Glance through about 20 rows or so, and you will see that the rows are in alphabetical order by team name. It's also possible to list the same rows in alphabetical order by player name using the `sort` method. The argument to `sort` is a column label or index.

In [31]:
nba_salaries.sort('PLAYER').show(5)

To examine the players' salaries, it would be much more helpful if the data were ordered by salary.

To do this, we will first simplify the label of the column of salaries (just for convenience), and then sort by the new label `SALARY`. 

This arranges all the rows of the table in *increasing* order of salary, with the lowest salary appearing first. The output is a new table with the same columns as the original but with the rows rearranged.

In [32]:
nba = nba_salaries.relabeled("'15-'16 SALARY", 'SALARY')
nba.sort('SALARY')

These figures are somewhat difficult to compare as some of these players changed teams during the season and received salaries from more than one team; only the salary from the last team appears in the table. Point Guard Phil Pressey, for example, moved from Philadelphia to Phoenix during the year, and might be moving yet again to the Golden State Warriors. 

The CNN report is about the other end of the salary scale – the players who are among the highest paid in the world. 

To order the rows of the table in *decreasing* order of salary, we must use `sort` with the option `descending=True`.

In [33]:
nba.sort('SALARY', descending=True)

Kobe Bryant, in his final season with the Lakers, was the highest paid at a salary of $\$25$ million. Notice that the MVP Stephen Curry doesn't appear among the top 10. He is quite a bit further down the list, as we will see later.

## Named Arguments

The `descending=True` portion of this call expression is called a *named argument*. When a function or method is called, each argument has both a position and a name.
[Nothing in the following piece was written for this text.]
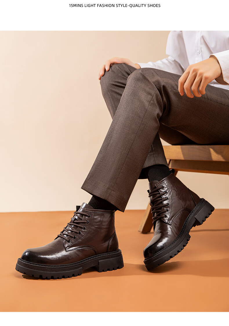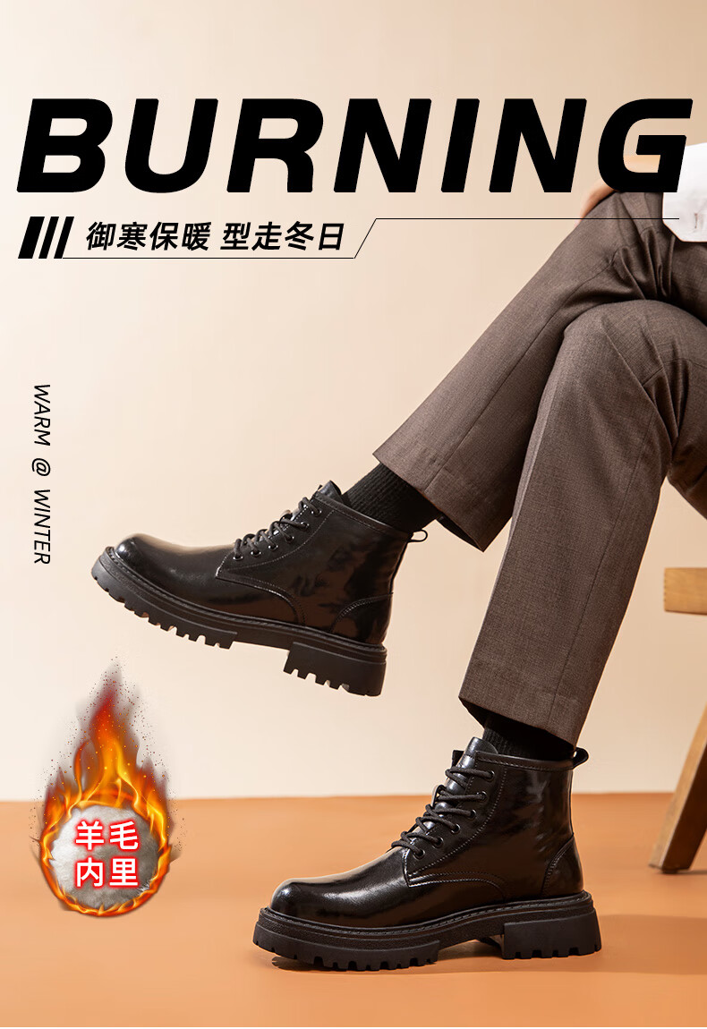 15分钟男靴马丁靴男冬季加绒男士羊毛皮靴商务休闲保暖棉靴子男 E2517

Both are evident from the help text of a function or method.

In [34]:
help(nba.sort)

At the very top of this `help` text, the *signature* of the `sort` method appears:

    sort(column_or_label, descending=False, distinct=False)
    
This describes the positions, names, and default values of the three arguments to `sort`. When calling this method, you can use either positional arguments or named arguments, so the following three calls do exactly the same thing.

    sort('SALARY', True)
    sort('SALARY', descending=True)
    sort(column_or_label='SALARY', descending=True)
    
When an argument is simply `True` or `False`, it's a useful convention to include the argument name so that it's more obvious what the argument value means.

# 06.2. Selecting Rows

Often, we would like to extract just those rows that correspond to entries with a particular feature. For example, we might want only the rows corresponding to the Warriors, or to players who earned more than $\$10$ million. Or we might just want the top five earners.

## Specified Rows
The Table method `take` does just that – it takes a specified set of rows. Its argument is a row index or array of indices, and it creates a new table consisting of only those rows.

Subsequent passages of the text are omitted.